KC: Being able to survive something of that nature (can) often push alot of people into helping their community. It’s bad energy but definitely good fuel to give back, if one is willing.
KS: Absolutely! I am currently the vice president of the Memphis and Shelby County Domestic Abuse Board. What we do for the community is that we shine the light on domestic abuse. October is Domestic Abuse Month and April is Sexual Violence Month and our presence is felt throughout those months as we try to reach and educate as many people as we can.
We have victims that hold up photos of themselves and we place on those photos what the offender had said to do before and during the rapes. I participate in that as well. My offender was 21 and I was 16 and he lied about his age to me and my family. We had no idea. So when I’m out I educate the young ladies about being more attentive to whom they are dealing with, to research them if necessary. Once you’re a victim it’s too late to research and also that’s when shame kicks in or the embarassment of being a victim. said
KC: How heavy is the burden of the silent victim?
KS: It is very heavy. There are so many things that build up inside. It grows over the years. I never went through counseling and 25 years later the old me came back and said, “What about me? You out here trying to help everybody else but what about me?”

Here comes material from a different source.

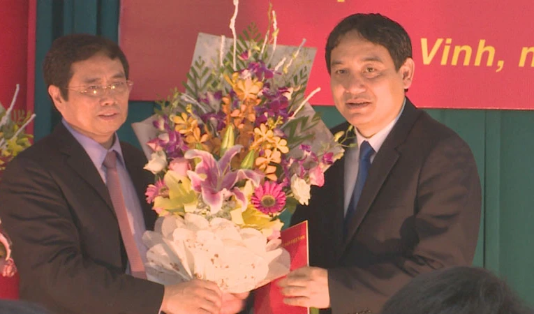Ông Phạm Minh Chính - Ủy viên Bộ Chính trị - Bí thư Trung ương Đảng - Trưởng ban Tổ chức Trung ương đã trao quyết định, tặng hoa chúc mừng ông Nguyễn Đắc Vinh giữ chức Bí thư Tỉnh ủy Nghệ An.
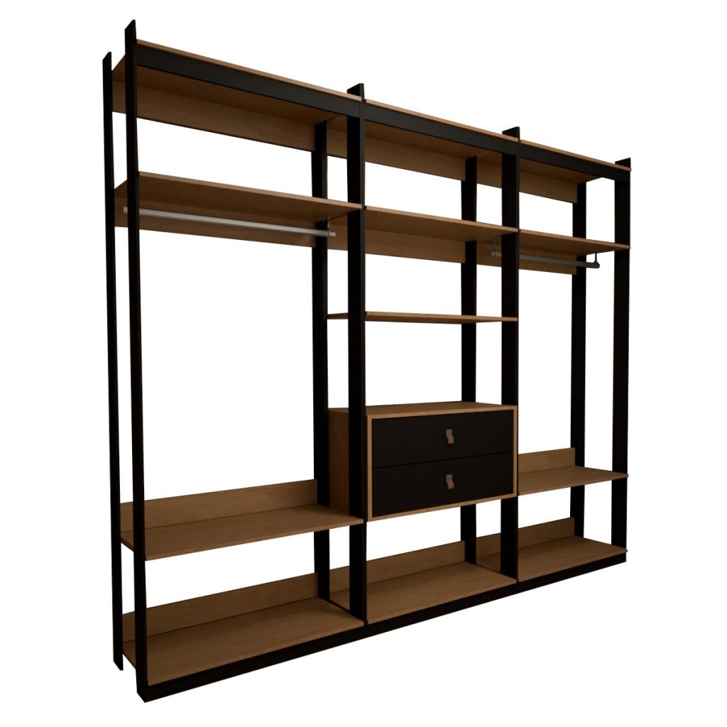 Closet Industrial Marseille 2 Gavetas 8 Prateleiras 2 Cabideiros Black/Brise - Panorama Móveis

Truth was I still remember when I initially called the Rape Crisis center and spoke with a lady named Sharon and told her that I wanted to be a volunteer and a motivational speaker to help out and speak with victims. Sharon said no, that I could not do it until I got help myself. It’s like she heard my pain through the phone. She said get down here and let’s deal with it now.
She then said that after my sessions I could then be a speaker, but under one condition. The condition was that I go through my counseling with a man. This was the hard part because my abuser was a man. This was one of the hardest things I’ve ever had to do in my life, but it surely worked.
I had to release my anger that was built up toward not only my offender but also that police officer that disrespected my mother and me. I had to think about the male officers that I have worked with that have always had my back out there in those streets. They are nothing like that officer. They are my brothers. I had to deal with the pain I had kept inside for 25 years and cry and relate and be educated on what happened to me so that I can be better and make other women that I come in contact with to be better.
KC: Are you better?
KS:Yes, I am great. I can handle whatever life throws at me, and other victims can to, if they just seek help. I’m involved with a national organization called R.A.I.N. and that stands for people against Rape Abuse Incest Network. And together, not only have we gotten stronger, we are helping a nation get stronger. We have a 24-hour help line as well.
You know … thinking back I remember my counselor Derek and the three things he told me that I needed to look in a mirror and repeat to myself everyday, and that was “I’m beautiful, I’m intelligent, I’m Valuable.”
KC: Can you say it one more time for the silent victims?
KS:Yes! You are beautiful, you are intelligent and you are valuable.